### Requirement
Below are the records; repeat exactly their lines between the line holding "伴随着庄严的国歌声响起,毕业" and the line holding "Onze Lieve vrouweplein", inclusive, skipping the pictures.

### Provided data
————
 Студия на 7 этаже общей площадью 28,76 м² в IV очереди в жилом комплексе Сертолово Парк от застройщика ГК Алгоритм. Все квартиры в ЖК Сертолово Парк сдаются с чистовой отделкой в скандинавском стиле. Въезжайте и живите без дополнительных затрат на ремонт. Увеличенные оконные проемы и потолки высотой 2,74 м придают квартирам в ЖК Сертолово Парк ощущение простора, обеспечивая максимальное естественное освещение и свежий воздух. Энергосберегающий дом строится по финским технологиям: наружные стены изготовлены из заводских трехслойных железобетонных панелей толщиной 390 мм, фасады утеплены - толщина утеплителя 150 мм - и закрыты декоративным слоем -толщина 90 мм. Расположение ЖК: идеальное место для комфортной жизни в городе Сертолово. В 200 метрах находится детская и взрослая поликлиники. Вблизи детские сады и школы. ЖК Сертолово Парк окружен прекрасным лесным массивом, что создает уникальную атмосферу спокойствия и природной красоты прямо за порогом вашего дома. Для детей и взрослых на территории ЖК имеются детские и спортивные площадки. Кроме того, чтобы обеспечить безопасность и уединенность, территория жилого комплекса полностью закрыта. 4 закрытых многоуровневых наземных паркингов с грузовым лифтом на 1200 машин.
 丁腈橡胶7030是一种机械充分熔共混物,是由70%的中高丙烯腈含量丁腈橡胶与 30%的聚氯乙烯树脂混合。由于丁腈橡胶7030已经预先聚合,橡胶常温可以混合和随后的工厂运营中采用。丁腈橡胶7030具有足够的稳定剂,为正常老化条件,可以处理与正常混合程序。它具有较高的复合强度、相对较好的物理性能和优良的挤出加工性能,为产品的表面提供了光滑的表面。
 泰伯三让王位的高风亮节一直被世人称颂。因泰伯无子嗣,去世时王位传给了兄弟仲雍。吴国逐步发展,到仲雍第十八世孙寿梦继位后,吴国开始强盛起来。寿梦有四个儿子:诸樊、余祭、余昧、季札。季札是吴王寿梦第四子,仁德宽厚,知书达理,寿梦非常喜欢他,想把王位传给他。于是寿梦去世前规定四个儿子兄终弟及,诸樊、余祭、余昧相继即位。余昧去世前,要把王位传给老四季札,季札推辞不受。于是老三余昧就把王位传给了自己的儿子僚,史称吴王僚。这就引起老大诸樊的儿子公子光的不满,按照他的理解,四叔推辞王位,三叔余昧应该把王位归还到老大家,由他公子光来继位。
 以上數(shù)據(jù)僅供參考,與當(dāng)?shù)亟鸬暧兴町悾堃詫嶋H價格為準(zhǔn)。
————
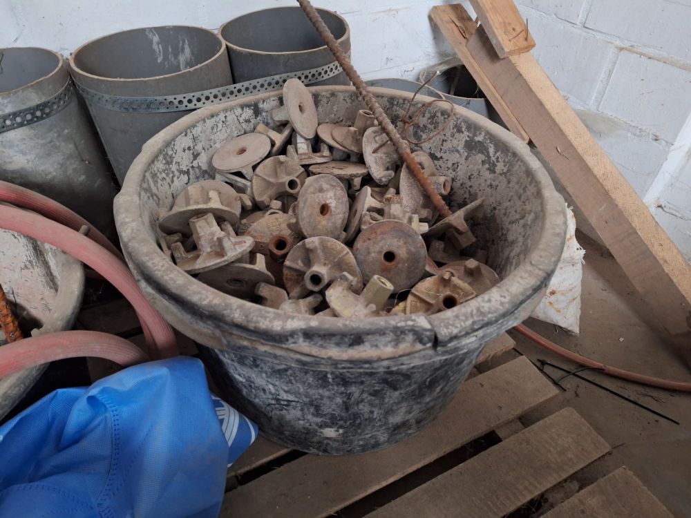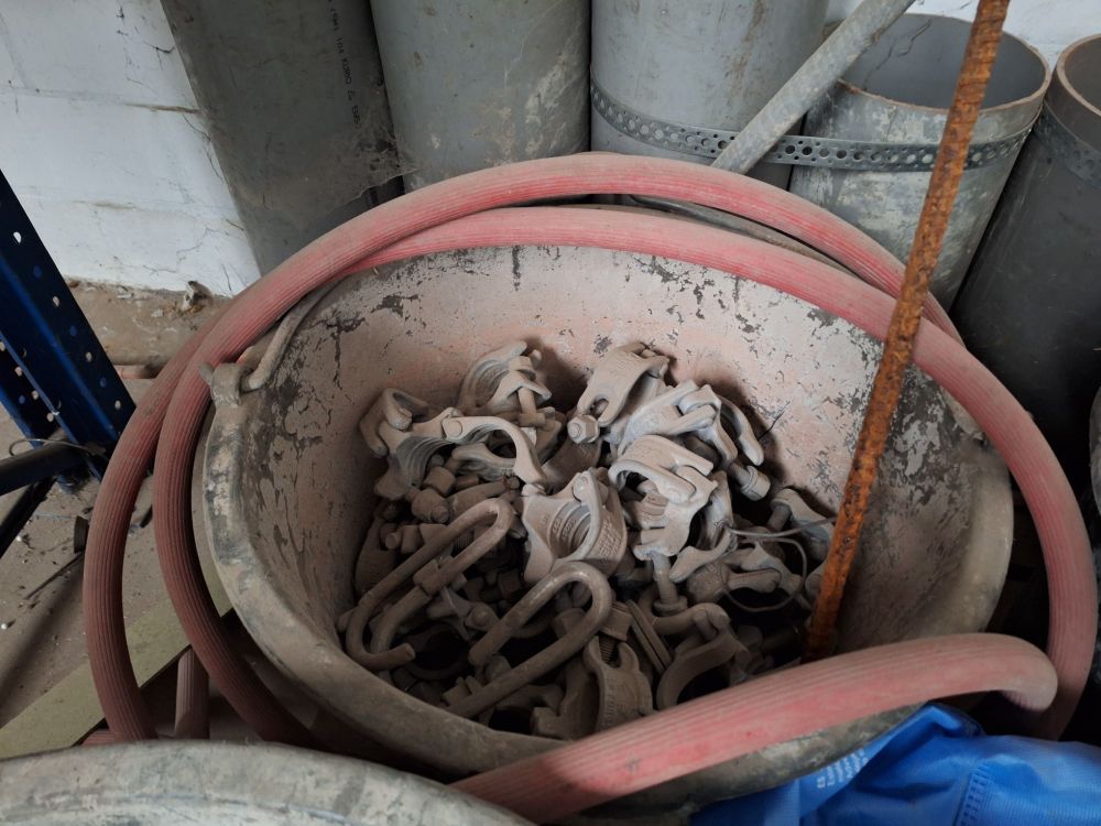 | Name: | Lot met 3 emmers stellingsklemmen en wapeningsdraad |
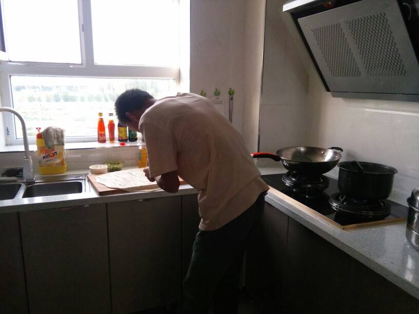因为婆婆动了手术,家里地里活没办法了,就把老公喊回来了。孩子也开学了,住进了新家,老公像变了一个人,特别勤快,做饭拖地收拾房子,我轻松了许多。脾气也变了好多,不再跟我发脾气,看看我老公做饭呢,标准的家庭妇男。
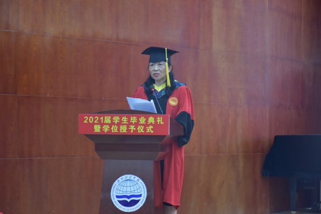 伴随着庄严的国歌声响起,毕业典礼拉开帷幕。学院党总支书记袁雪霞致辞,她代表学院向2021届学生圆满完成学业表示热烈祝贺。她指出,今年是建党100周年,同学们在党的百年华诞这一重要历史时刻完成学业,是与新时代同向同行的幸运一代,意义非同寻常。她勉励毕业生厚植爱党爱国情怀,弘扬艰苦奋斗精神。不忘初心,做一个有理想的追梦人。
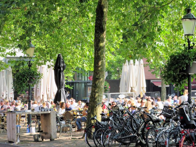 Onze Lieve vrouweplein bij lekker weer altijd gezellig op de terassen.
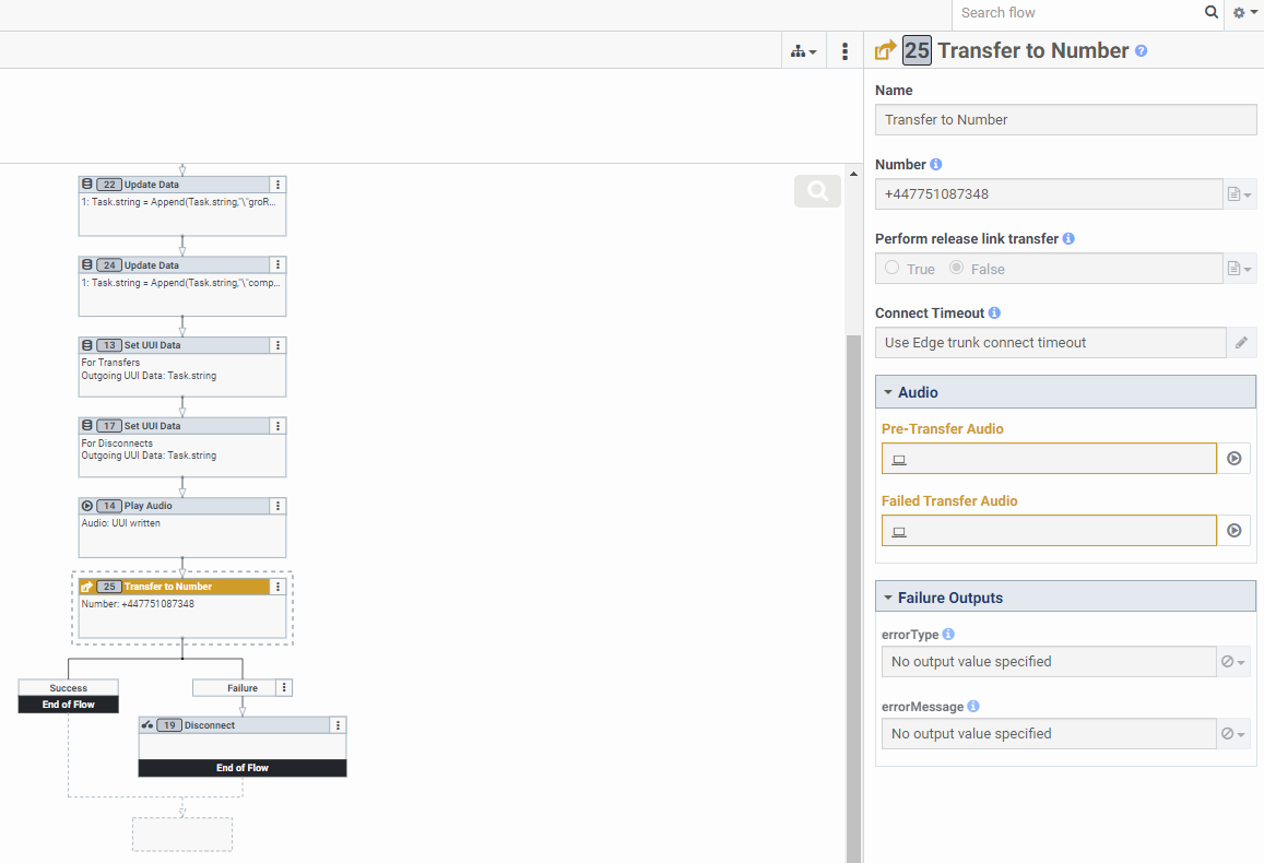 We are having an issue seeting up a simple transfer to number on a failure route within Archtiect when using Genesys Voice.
————
### Exercise output
 伴随着庄严的国歌声响起,毕业典礼拉开帷幕。学院党总支书记袁雪霞致辞,她代表学院向2021届学生圆满完成学业表示热烈祝贺。她指出,今年是建党100周年,同学们在党的百年华诞这一重要历史时刻完成学业,是与新时代同向同行的幸运一代,意义非同寻常。她勉励毕业生厚植爱党爱国情怀,弘扬艰苦奋斗精神。不忘初心,做一个有理想的追梦人。
 Onze Lieve vrouweplein bij lekker weer altijd gezellig op de terassen.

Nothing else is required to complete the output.